##### COLLECTED DATA #####
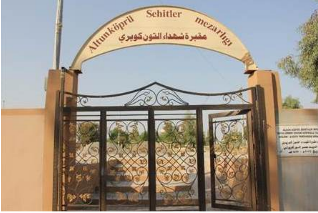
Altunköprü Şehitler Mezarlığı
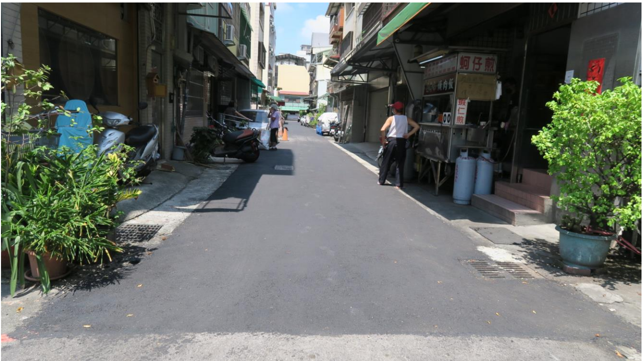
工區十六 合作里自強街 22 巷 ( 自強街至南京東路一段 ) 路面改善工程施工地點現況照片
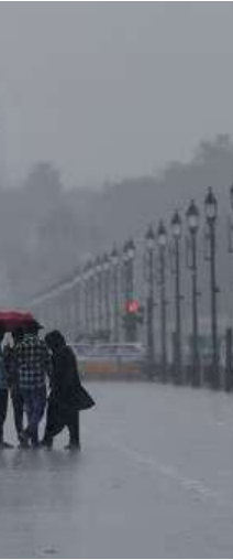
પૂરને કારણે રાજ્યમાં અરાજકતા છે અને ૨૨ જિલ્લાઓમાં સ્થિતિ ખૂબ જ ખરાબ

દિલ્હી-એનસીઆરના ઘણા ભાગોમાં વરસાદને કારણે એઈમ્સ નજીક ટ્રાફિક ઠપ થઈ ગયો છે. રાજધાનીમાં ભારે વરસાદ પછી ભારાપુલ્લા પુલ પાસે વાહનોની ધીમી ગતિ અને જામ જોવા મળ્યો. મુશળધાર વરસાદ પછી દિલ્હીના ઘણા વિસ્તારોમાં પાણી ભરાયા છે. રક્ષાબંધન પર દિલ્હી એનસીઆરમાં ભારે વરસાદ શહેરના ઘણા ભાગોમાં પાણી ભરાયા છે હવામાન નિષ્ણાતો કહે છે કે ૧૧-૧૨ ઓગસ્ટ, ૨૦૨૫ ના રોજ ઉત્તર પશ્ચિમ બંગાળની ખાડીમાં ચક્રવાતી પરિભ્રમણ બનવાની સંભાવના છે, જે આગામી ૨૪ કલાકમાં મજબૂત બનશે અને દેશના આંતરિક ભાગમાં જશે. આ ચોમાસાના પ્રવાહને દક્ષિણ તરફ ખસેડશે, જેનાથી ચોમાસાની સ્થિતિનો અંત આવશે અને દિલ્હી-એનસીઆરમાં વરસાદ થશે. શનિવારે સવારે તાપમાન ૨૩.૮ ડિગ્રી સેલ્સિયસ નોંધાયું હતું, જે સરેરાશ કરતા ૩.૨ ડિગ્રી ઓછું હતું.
#####
■ EXERCISE INSTRUCTIONS ■
Would you give the data above again word for word, skipping any images?

■ SOLUTION TO THIS TASK ■
Altunköprü Şehitler Mezarlığı
工區十六 合作里自強街 22 巷 ( 自強街至南京東路一段 ) 路面改善工程施工地點現況照片
પૂરને કારણે રાજ્યમાં અરાજકતા છે અને ૨૨ જિલ્લાઓમાં સ્થિતિ ખૂબ જ ખરાબ

દિલ્હી-એનસીઆરના ઘણા ભાગોમાં વરસાદને કારણે એઈમ્સ નજીક ટ્રાફિક ઠપ થઈ ગયો છે. રાજધાનીમાં ભારે વરસાદ પછી ભારાપુલ્લા પુલ પાસે વાહનોની ધીમી ગતિ અને જામ જોવા મળ્યો. મુશળધાર વરસાદ પછી દિલ્હીના ઘણા વિસ્તારોમાં પાણી ભરાયા છે. રક્ષાબંધન પર દિલ્હી એનસીઆરમાં ભારે વરસાદ શહેરના ઘણા ભાગોમાં પાણી ભરાયા છે હવામાન નિષ્ણાતો કહે છે કે ૧૧-૧૨ ઓગસ્ટ, ૨૦૨૫ ના રોજ ઉત્તર પશ્ચિમ બંગાળની ખાડીમાં ચક્રવાતી પરિભ્રમણ બનવાની સંભાવના છે, જે આગામી ૨૪ કલાકમાં મજબૂત બનશે અને દેશના આંતરિક ભાગમાં જશે. આ ચોમાસાના પ્રવાહને દક્ષિણ તરફ ખસેડશે, જેનાથી ચોમાસાની સ્થિતિનો અંત આવશે અને દિલ્હી-એનસીઆરમાં વરસાદ થશે. શનિવારે સવારે તાપમાન ૨૩.૮ ડિગ્રી સેલ્સિયસ નોંધાયું હતું, જે સરેરાશ કરતા ૩.૨ ડિગ્રી ઓછું હતું.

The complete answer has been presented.